Ecosyste.ms: Awesome

An open API service indexing awesome lists of open source software.

Awesome Lists | Featured Topics | Projects

https://github.com/csvspecs/csv-meta

CSV (Inline) Meta Data Formats - CSV in CSV, Attribute-Relation "Classic", Attribute-Relation "Inline", Front Matter in YAML and More
https://github.com/csvspecs/csv-meta

Last synced: 3 months ago
JSON representation

CSV (Inline) Meta Data Formats - CSV in CSV, Attribute-Relation "Classic", Attribute-Relation "Inline", Front Matter in YAML and More

Awesome Lists containing this project

README

        

# CSV (Inline) Meta Data Formats

[CSV in CSV](#csv-in-csv) •
[Attribute-Relation "Classic"](#attribute-relation-classic) •
[Attribute-Relation "Inline"](#attribute-relation-inline) •
[Front Matter in YAML](#front-matter-in-yaml)

## CSV in CSV

Use CSV meta data in CSV :-).
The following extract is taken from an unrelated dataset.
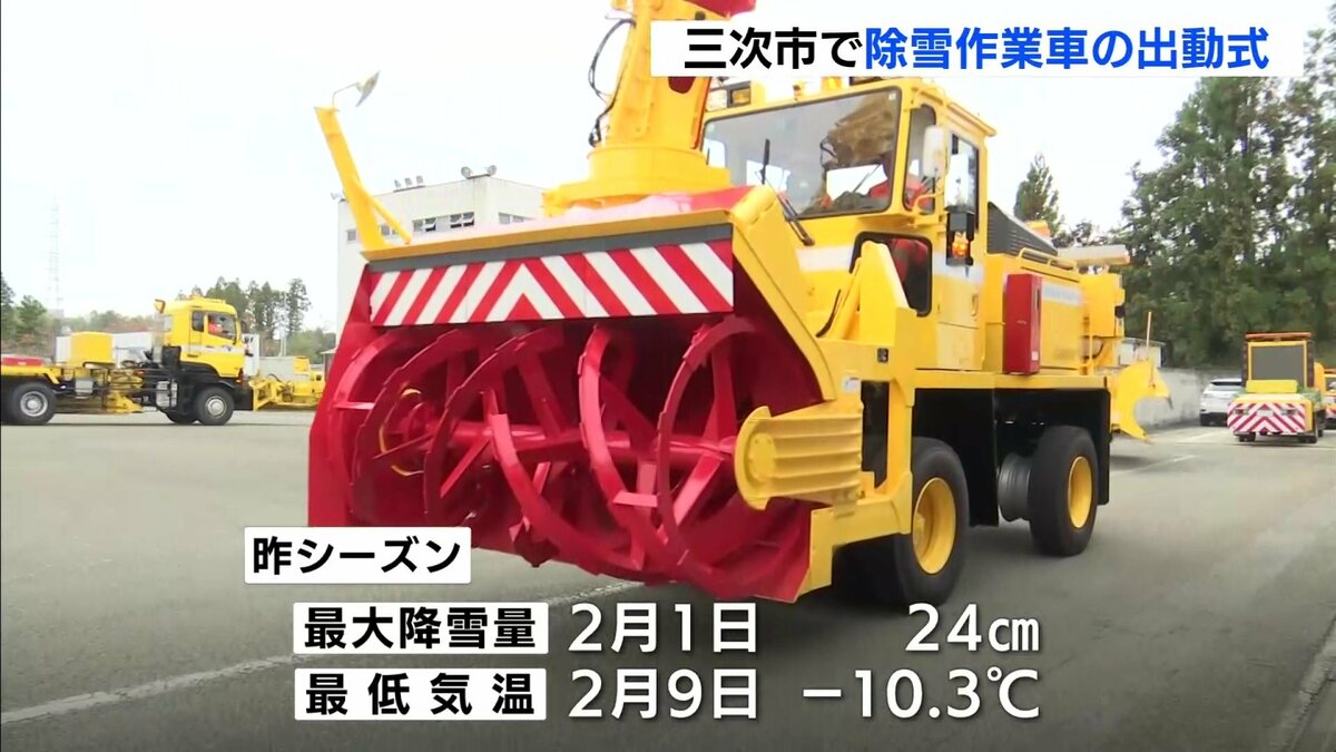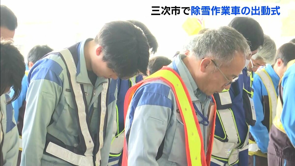 ネクスコ西日本三次高速道路事務所の出動式には、関係者約100人が参加しました。会場には、除雪車や凍結防止剤を散布する車が集まり、関係者が今シーズンの作業の安全を願っていました。三次高速道路事務所は安芸高田市の高田インターチェンジから、岡山県の新見インターチェンジまでの92・1キロで、凍結防止や除雪作業などを担当しています。昨シーズンの出動は96日で、降雪量が20センチを超えたり、気温がマイナス10℃を下回ったりする日もありました。

How?

The CSV in CSV Meta Data Block Rule No 1.: If the first record / line
starts with `Col,Name` or `Name,Type` than it's a meta data block
until the next blank line.

Example:

```
##########################
# try with some comments
# and blank lines even before header

Name, Type
Brewery
City
Name
Abv, Float

Andechser Klosterbrauerei,Andechs,Doppelbock Dunkel,7%
Augustiner Bräu München,München,Edelstoff,5.6%

Bayerische Staatsbrauerei Weihenstephan, Freising, Hefe Weissbier, 5.4%
Brauerei Spezial, Bamberg, Rauchbier Märzen, 5.1%
Hacker-Pschorr Bräu, München, Münchner Dunkel, 5.0%
Staatliches Hofbräuhaus München, München, Hofbräu Oktoberfestbier, 6.3%
```

Note: If you don't specify a data type (the default is String).
You can add optional fields as you like to the meta data block.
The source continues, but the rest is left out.